Coun Pryor told a meeting of the council’s decision-making executive board: “The issue now is that the current Laurance Calvert hasn’t yet been signed off by the secretary of state – all the work has been done, but the final sign-off hasn’t happened yet.

“The children of south Leeds are now being offered provisional places at Laurence Calvert, and the moment that will be signed off by the secretary of state – which I am hoping will be in the coming days – then those conditional places become unconditional places.”

Due to legislation passed by David Cameron’s Government in the early 2010s, local councils are no longer allowed to open their own new schools, and must instead either expand existing schools or encourage the building of “free schools”, approved by national Government and run by third parties.

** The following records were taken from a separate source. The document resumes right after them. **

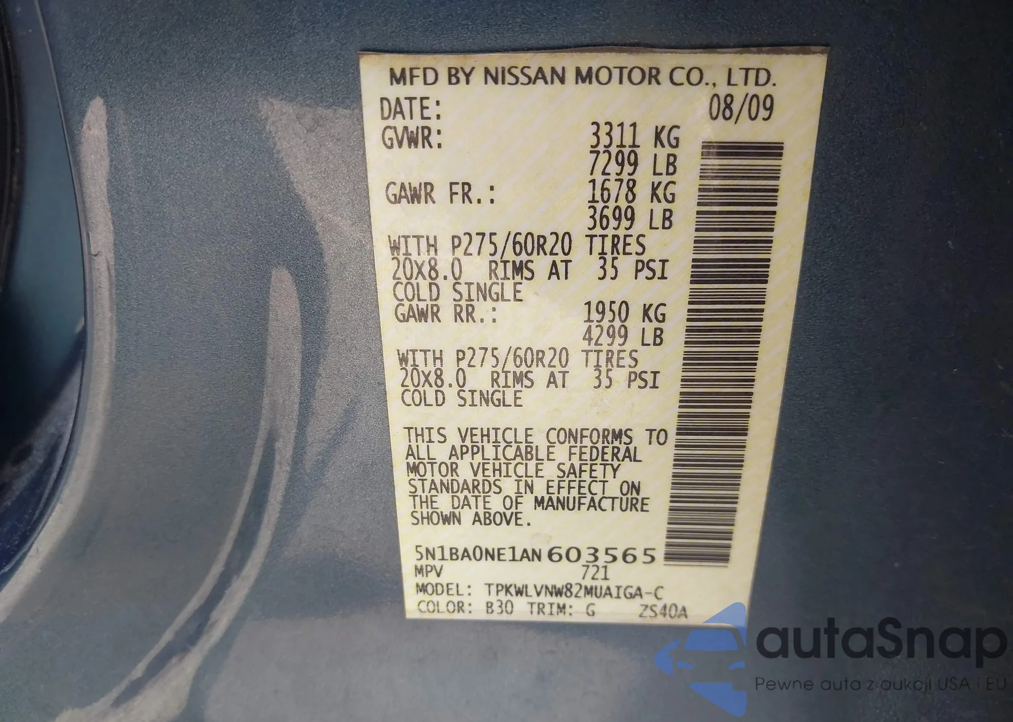 • VIN 5N1BA0NE1AN603565
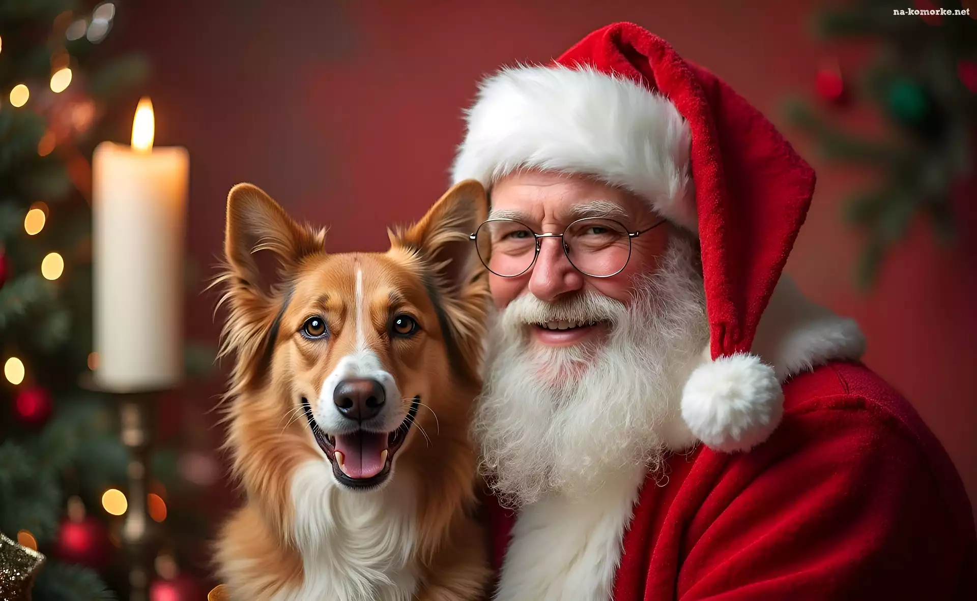 Czapka, Pies, Mikołaj, Okulary, Święty, Uśmiech na Komórkę
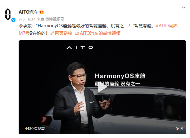 然而,從活動(dòng)規(guī)格與余承東在本次發(fā)布活動(dòng)上的“強(qiáng)勢(shì)”態(tài)度來看, AITO品牌實(shí)際主導(dǎo)權(quán)、掌舵權(quán)都在向華為這邊傾斜。“M5是用百萬豪車的標(biāo)準(zhǔn)來定義,問界M7要把超越百萬豪車體驗(yàn)的標(biāo)準(zhǔn)帶給大家。”余承東在發(fā)布會(huì)上說,手機(jī)上幾千個(gè)App都可以無縫流轉(zhuǎn)到車上,除了華為其他沒有一家做得到,“我們是最好的智能座艙,世界上,沒有之一。”

The council came to an agreement with the DfE back in 2017 that the Government should build a new free school in Middleton, but the scheme has been beset by delays.

This led to the council agreeing this week to spend £6.7m building temporary classrooms at the site, which is hoped to eventually be home to the permanent Cockburn Laurence Calvert Academy.

Coun Matthew Robinson (Con) questioned whether the council could have done more to encourage the development of the permanent site sooner.

“This problem has been persisting for some time,” he said. “The allusion is that this is all the Government’s fault and that the council has done everything right in this process.

“It feels like transfer deadline day and finding out that youneed a striker – we always knew this was going to come. Now the report is not able for call-in, which is a concern for me and, I’m sure, many others.”

Coun Pryor responded: “The problem started when when the Government banned local authorities from opening schools. The system instead is that we have to inform Government when we need a new school, which is ridiculously centralised.

“We informed the Government we needed this school five or six years ago. The Government said they recognised this school was needed in south Leeds and said it would be delivered in 2017. We are not looking at that school to be delivered in 2022.

“It’s not my job to come up with excuses for the Government,” he added. “But if you are looking to centralise an entire country’s education system through London, you are creating a lot of work for yourself.

“I suspect that is what is causing delays.”

While the DfE did not comment on how long it would be before the minister gave his final approval, it said the site may not be able to open until September 2023.

A DfE spokesperson said: “We are working closely with Leeds City Council and the prospective school community to open the Cockburn Laurence Calvert Academy ahead of schedule in September 2021.

“The school will initially open in temporary accommodation to support this accelerated timeline, while we expect the main school site to open on schedule in September 2023.”

The department also claimed the school was not at any point due to open in 2017 – adding it was formally approved and went into ‘pre-opening’ in 2017, with a provisional opening date for the school of September 2022, and main school site opening date of September 2023. It added that the period from pre-opening to the opening of the main school site reflects the “complex land acquisition and development process of a Leeds City Council site”.

Following the plans to open the temporary site, David Gurney, executive headteacher of the Cockburn Multi-academy Trust – which will run the school – said: “I am delighted with the progress we have made with Cockburn Laurence Calvert Academy to ensure that the community of south Leeds will have a third excellent secondary school to send their children to.”

The temporary building will consist of specialist teaching rooms for technology, art, science alongside spacious classrooms for English, maths and humanities subjects. The trust said it would also make use of the sporting facilities that are already situated on the site.